Mas como a res cogitans poderia conseguir atuar sobre o corpo? Se temos uma vontade de mexer o braço e daí mexemos o braço, como fizemos isso? O que propõe Furtado (p. 50) é que a alma tem uma corporalidade intrínseca que a permite interpretar as ocorrências do corpo físico e agir sobre ele por meio da própria vivência interior da res cogitans. “O corpo não pode unir-se à alma sem que seus movimentos se afetem interiormente através dela porque só ela possui interioridade” (p. 51). Entretanto, a alma não pode agir sem corpo, pois qualquer movimento que seja implica materialidade, embora possamos conceber uma consciência realizando atos de consciência e sem corpo. Mas ainda que haja essa necessidade do corpo, o fundamento da corporalidade faz parte da estrutura interna da alma. E, no que diz respeito à verdade do que se apresenta na corporalidade da alma, ela é tão verdade quanto quando a alma realiza a auto-afecção do cogito. Essa união da alma com o corpo é uma união de duas unidades: a unidade do eu (da vida egológica) com a unidade do corpo absoluto. Descartes acredita que alma se une a todo corpo sem ser extensa por todo o corpo; por isso, a unidade do eu é com a unidade do corpo absoluto, e não com o corpo físico. E essa união dá-se do seguinte modo: a unidade interior do corpo absoluto é a unidade do eu.

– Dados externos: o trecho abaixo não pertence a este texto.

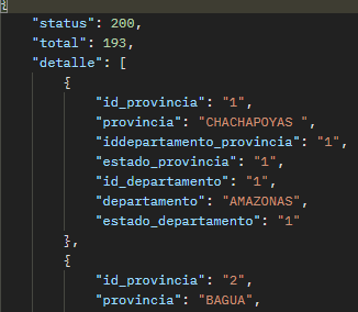 El resultado de la consulta de todos las provincias debería ser como se muestra en la siguiente imagen: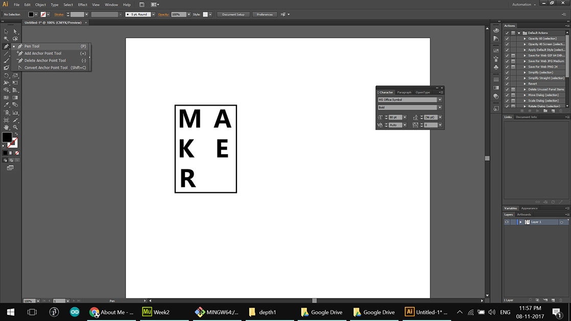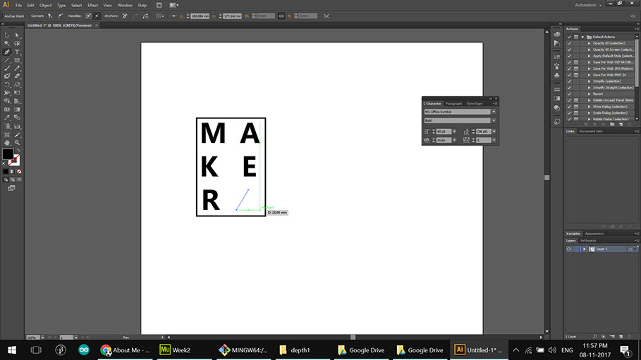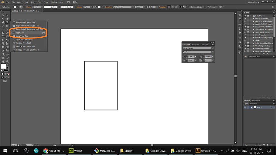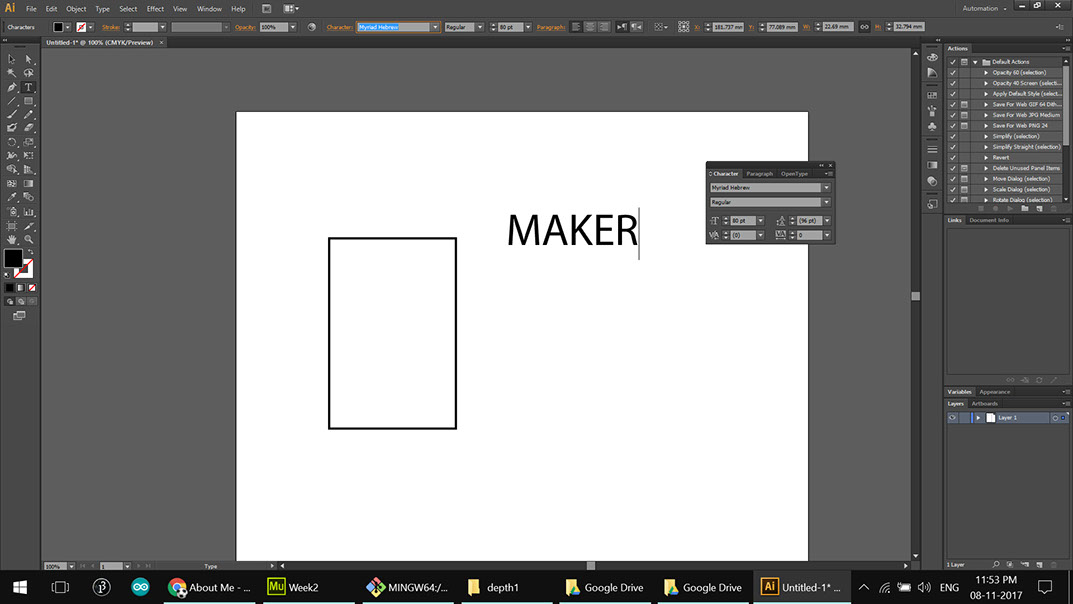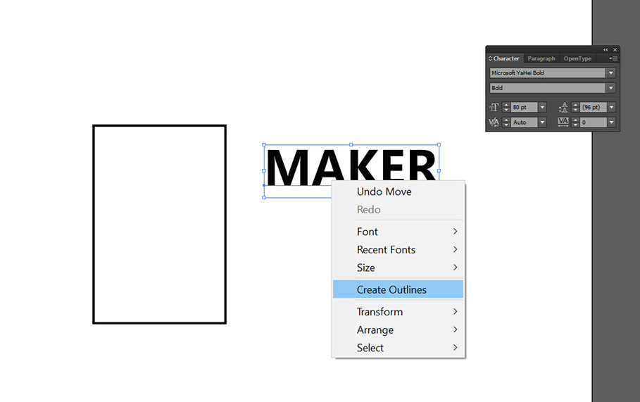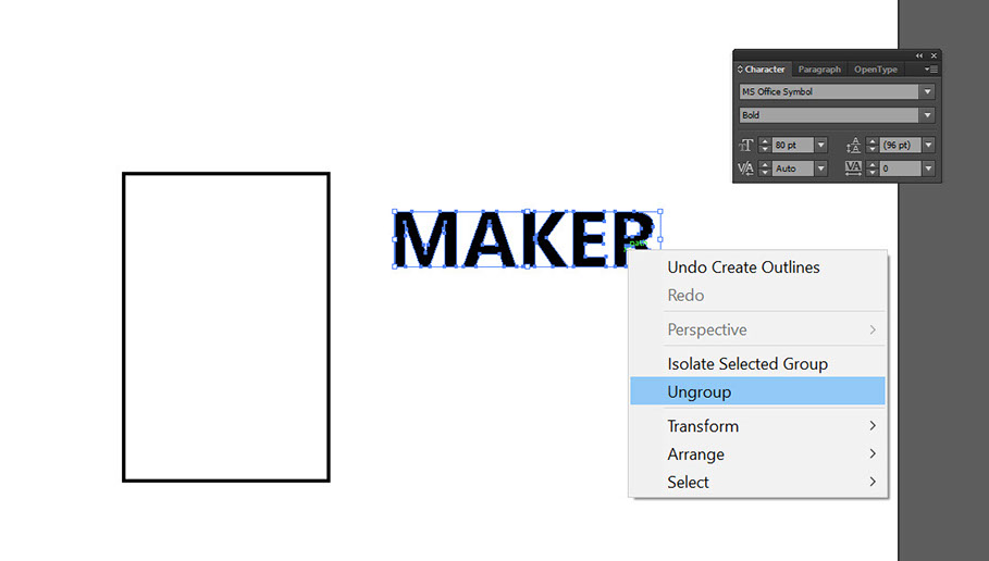 We cannot change font style after this step as it gets converted to a Vector Shape just like the Rectangle we Draw earlier.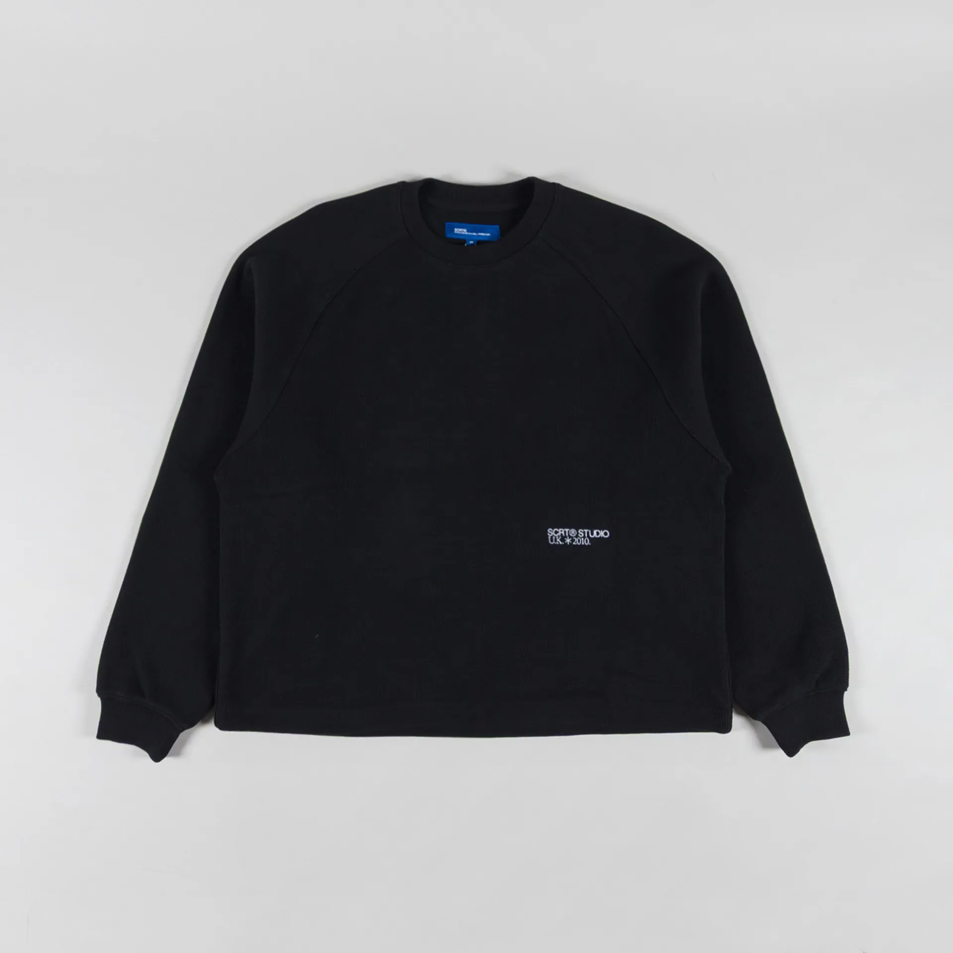 A waffle sweat from SCRT, cut in a loose, boxy fit for a casual silhouette and constructed from heavyweight 100% cotton waffle knit, a textured fabric offering breathability, subtle stretch and long-lasting structure. It features a ribbed crewneck and cuffs, with raglan sleeves for freedom of movement and a slouchy appearance. Finished off with a SCRT Studio screen-print to the stomach.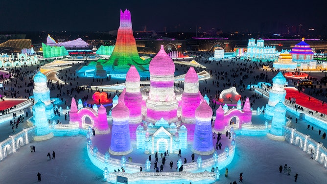 HARBIN, CHINA - DECEMBER 22: Tourists visit the 25th Harbin Ice and Snow World, one of the world's leading theme parks featuring large-scale ice and snow sculptures, on December 22, 2023 in Harbin, Heilongjiang Province of China. (Photo by Wang Zhaobo/VCG via Getty Images)

Referências Bibliográficas

Henry, Michel. “O começo cartesiano e a idéia de fenomenologia”; col. Textos Clássicos de Filosofia; tr. Adelino Cardoso. Covilha: Universidade da Beira Interior, 2008.
Furtado, José Luís. A carnalidade do cogito: fenomenologia do cartesianismo. Apostila do Curso de Graduação em Filosofia – Disciplina Ontologia. Ouro Preto: Universidade Federal de Ouro Preto, 1997.

* As indicações entre parênteses que somente contêm o número da página referem-se a Furtado, 1997.
[1] A vida egológica de Furtado (p. 45ss) é o que Henry (2008) chama de “vida fenomenológica transcendental”. E este último a chama assim, pois pensa que a vida é o que se experimenta apenas a si mesmo e não é nenhum processo físico, e que sua essência (a essência da vida) é a auto-revelação e a auto-doação. A vida fenomenológica transcendental, ou seja, a vida egológica, é o que Descartes chamava de Cogitatio.
[2] A noção de verdade aqui utilizada é a verdade como aletheia, onde um objeto pode ser verdadeiro ou pode ser ilusório; é a verdade como desvelamento da physis. E ela geralmente é oposta por muitos fenomenólogos, incluindo Furtado e Heidegger, à noção de verdade como adequação da coisa ao intelecto.